None of the 12 animals from the uninfected control group had a positive skin test. All of the M. bovis–infected animals were skin test positive. The mean increase in skin thickness for the naturally infected animals was 5.8 mm (range: 2–11.5 mm) and 16.5 mm (range: 6–29 mm) for the experimentally infected animals. This difference was statistically different (p < 0.05).

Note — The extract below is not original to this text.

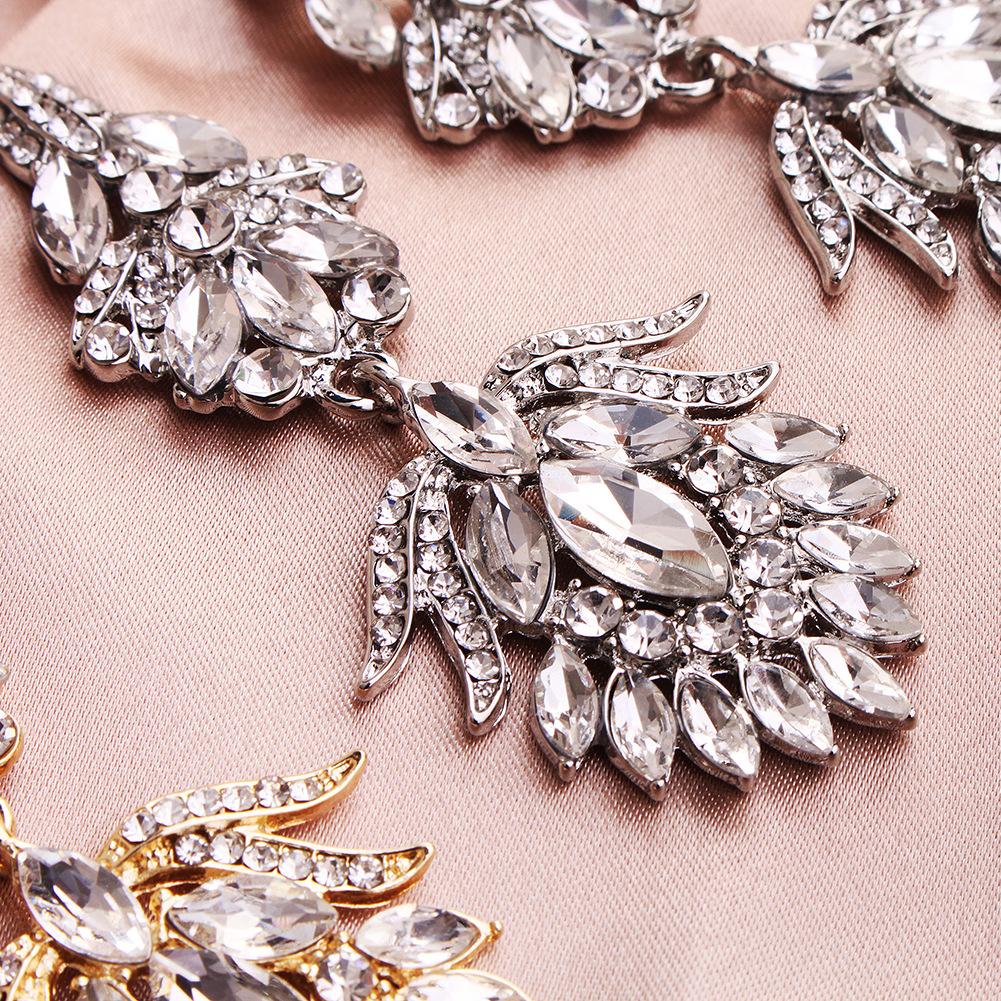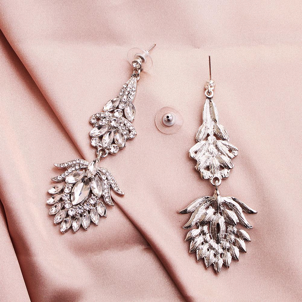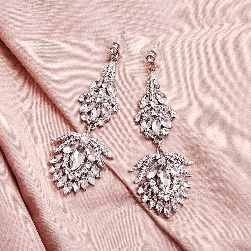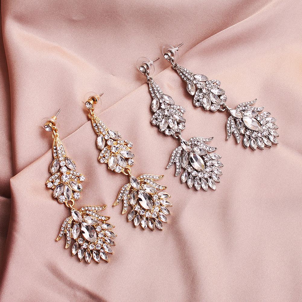 Pendientes de diamantes de imitación de lujo exagerados de estilo europeo y americano, con diseño de moda, de aleación y plumas, que combinan con todo, con fotos de vestidos de novia.

The differential, bovine PPD minus avian PPD, and ESAT6/CFP10 minus negative control IFN-γ responses of the 12 uninfected controls and the 2 groups of M. bovis–infected animals are shown in Figure 1, and the proportion of animals responding positively are shown in Table 1. For the experimentally and naturally infected animals, the mean differential responses for both the PPD and ESAT6/CFP10 tests were significantly greater for samples processed 8 h postcollection compared to the same samples processed 30 and 36 h postcollection, for all 3 d of blood collection, namely injection day, read day, and 11–19 dpi (p < 0.05; Fig. 1). Differential responses in both the PPD and ESAT6CFP10 tests were significantly greater for samples processed 30 h postcollection compared with the same samples processed at 36 h for the experimentally infected animals at read day and 11–19 dpi (p < 0.05; Fig. 1). Differences in the responses between 30 and 36 h for the naturally infected animals at the 3 sampling days were not significant for both the PPD and ESAT6/CFP10 tests. For the control uninfected animals, the mean differential responses in the PPD test were <0 given that the responses to avian PPD were greater than those for bovine PPD. Responses for samples processed 8 h postcollection were greater for the same samples processed at 30 and 36 h on the injection and read days, whereas the only significant differences between the 30 and 36 h processed samples were for the 11–19 dpi samples (p < 0.05; Fig. 1). For the ESAT6/CFP10 test, there were minimal differences in responses for the uninfected animals for blood samples processed at 8, 30, and 36 h postcollection. The effect of skin testing had little influence on the IFN-γ test, with no significant differences observed for individual animals for samples collected on the injection day, read day, and 11–19 dpi (Fig. 1).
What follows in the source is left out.